December 20, 2010

indian children

If you know me, you know I am not a fan of Christmas. Yes, I'm a fan of holidays, eating until you explode and spending quality time with friends and family. However, I'm not a fan of the insane consumerism that marks this culture. Blinking lights & Jingle Bells? Bring it on. Gift exchanging marathon? No, thanks. Black Friday insanity? Only in America. I often joke now that if the Grinch & Scrooge had a baby, that child would be named Else Blake. Bake me a cookie, write me a poem, give me a long sincere hug but for the love of Yoda, don't buy me gifts, pass it on to the next person.

I'm also trying hard to teach my 3 year old daughter that the Earth does not evolve around her belly button - sharing is good, giving is better than receiving and too many unfortunate children in the world never get to have a roof over their heads, clothes on their back, shoes on their feet or a toy in their hands.
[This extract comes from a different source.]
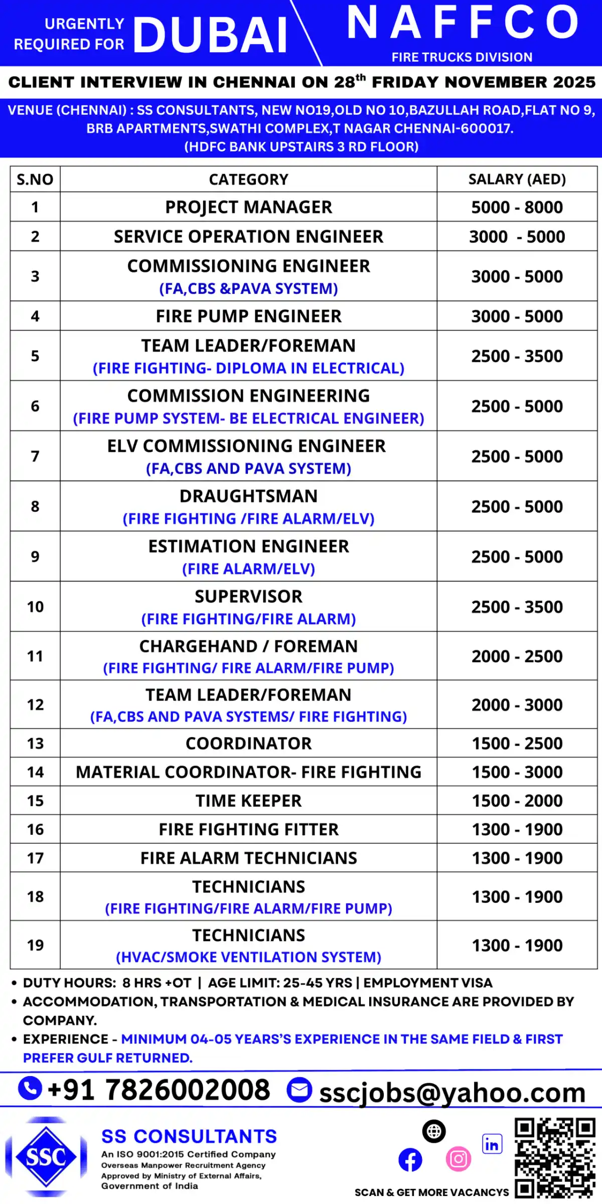 Apply now for various positions in NAFFCO Fire Trucks Division in Dubai. Client interview in Chennai on 28th November 2025. Accommodation, transport, and medical insurance provided. Minimum 4-5 years experience required.

I'm not trying to be mean & depressing, I'm trying to remind her that 1) she is fortunate to live here & have the things she does and 2) she needs to develop a compassionate, giving heart. It's so easy to look around and belly ache about the things we don't have that we forget to focus on the MANY MANY things we DO have.
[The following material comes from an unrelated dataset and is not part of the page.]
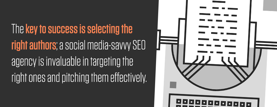 - Invite guest authors to contribute to your company blog(s). If authors are selected based on relevance, credibility, skill and their social media followings, their articles will attract a new relevant audience, strengthen your credibility, and create new sales leads and secondary conversions. In addition, guest articles will likely generate new connections to your social sites, expanding your reach for subsequent shares of other content and setting the stage for future website traffic and leads. The key to success is selecting the right authors; a social media-savvy SEO agency is invaluable in targeting the right ones and pitching them effectively.

Sharing & putting someone else's needs before your own was something my parents drilled into our heads growing up. My grandmother was one of the most generous, giving women I've met and so are my parents. They have their quirks & issues but dear God, they're very generous people.

A few months ago, my mother's prayer group knitted 200 scarves to send to one of the orphanages in India which her church supports. This is actually no big deal at all but yesterday she received a photo of all the children wearing the scarves, with notes of gratitude and joy. The comments, although simple, touched my heart. The children were excited that someone thought to make a gift for them. It made their day! Hmm... Really? A scarf? Children? I own 123 scarves (this is not a joke. I've counted) and I don't think twice about grabbing one on my way out the door. They mean nothing to me. But for these little ones the scarves meant a GIFT and they meant LOVE. It was a day of celebration when the packages arrived. Most children I know would have thrown the scarf aside and asked where their real gifts were. Joy would NOT have been a part of their reaction. Sad. But not for these Indian kids and that's pretty darn cool.

So here's to being less selfish (Else), less self centered (little 3 year old Doodles, she can't help it, she's 3) and being more in touch with making others' needs matter more than our own. I'll try my best. The picture below is going in my wallet as a reminder of the example my grandmother & parents set for me: always give.